LONDON.- Peter Doig’s Daytime Astronomy (Grasshopper) will make its auction debut at Sotheby’s Evening Sale of Contemporary Art in London on 26 June 2018. Estimated at £6-8 million ($8.1-10.7 million USD), the painting is a spectacular distillation of all the elements that have made Doig one of the most celebrated and successful painters of his generation.

Oliver Barker, Chairman of Sotheby’s Europe, said: “Peter Doig is a master image maker. In Daytime Astronomy (Grasshopper), one of the artist’s most important paintings, Doig pays homage to his Abstract Expressionist forebears, most notably Jackson Pollock who is subtly incorporated into the horizontal layers of the picture, shown lying in the grass outside his Long Island Studio. The ever growing enthusiasm of collectors for Peter Doig at auction has cemented his reputation as one of the most important contemporary artists working today.”

A work that that has been in the same collection since its completion in 1999, Daytime Astronomy (Grasshopper) shares its subject with a larger painting by Doig, Daytime Astronomy (1997-98), which has been included in Doig’s most celebrated solo-shows.

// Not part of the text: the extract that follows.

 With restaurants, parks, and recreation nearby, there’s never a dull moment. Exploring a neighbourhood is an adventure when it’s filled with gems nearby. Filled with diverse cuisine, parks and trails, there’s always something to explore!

Like many of the most acclaimed works by Doig, the dreamlike Daytime Astronomy (Grasshopper) is inspired by a wide array of sources and features numerous art historical references. The principal point of departure for the painting is a photograph taken by Hans Namuth of Abstract Expressionist Jackson Pollock lying in the grass outside his East Hampton studio. While the figure of Pollock himself is only subtly included in Doig’s canvas, the wider influence of the Abstract Expressionist movement on this picture is palpable. Daytime Astronomy (Grasshopper) includes echoes of Pollock’s own layered abstract compositions, while the influence of Mark Rothko can be detected in the segmented layering of the picture plane, as well as by the colour variation of the canvas; opaque greens and browns feature heavily on the bottom of the work, segueing to delicate coloured washes in the upper layers. Doig also riffs on Barnett Newman’s iconic ‘zip’ paintings, turning the artist’s ubiquitous vertical shafts horizontally, and dividing the painting into three clearly defined sections.

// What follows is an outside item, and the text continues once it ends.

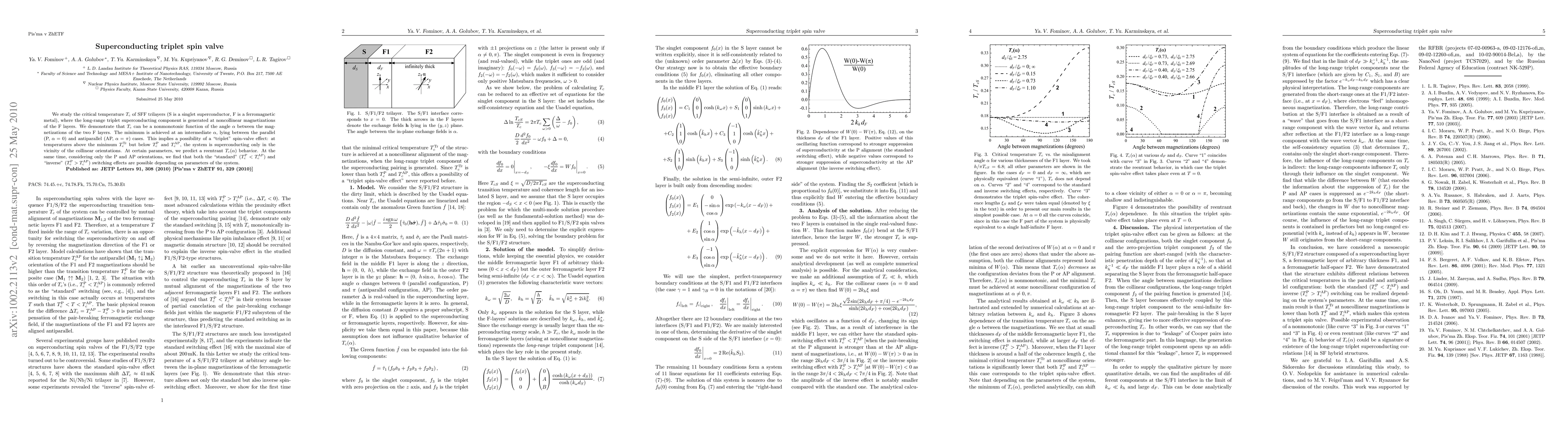 This study investigates the critical temperature T_c of SFF trilayers, revealing a nonmonotonic dependence on the angle between the magnetizations of two ferromagnetic layers. It predicts a "triplet" spin-valve effect and potential reentrant behavior, alongside both "standard" and "inverse" switching effects based on system parameters.

The reference to ‘grasshopper’ in the title is related to the subtle pose of the figure with their knees bent and sticking out of the grass, however is also related to a quotation Doig found in a book that cited the words of a 19th Century settler in Canada’s western prairies: “Man is a grasshopper here, a mere insect making way between the enormous discs of heaven and earth.” This quote echoes the tripartite arrangement of many of Doig’s compositions, including the present work and others such as The House That Jacques Built (1992) in the collection of the Tel Aviv Museum of Art.

The auction debut of Doig’s Daytime Astronomy (Grasshopper) follows the successful sale of Doig’s landmark painting The Architect’s Home in the Ravine (1991) which sold for £14.4 million ($19.9 million USD) in our March 2018 Contemporary art evening sale in London. Four of the five highest prices for the artist at auction have been set in the past 12 months.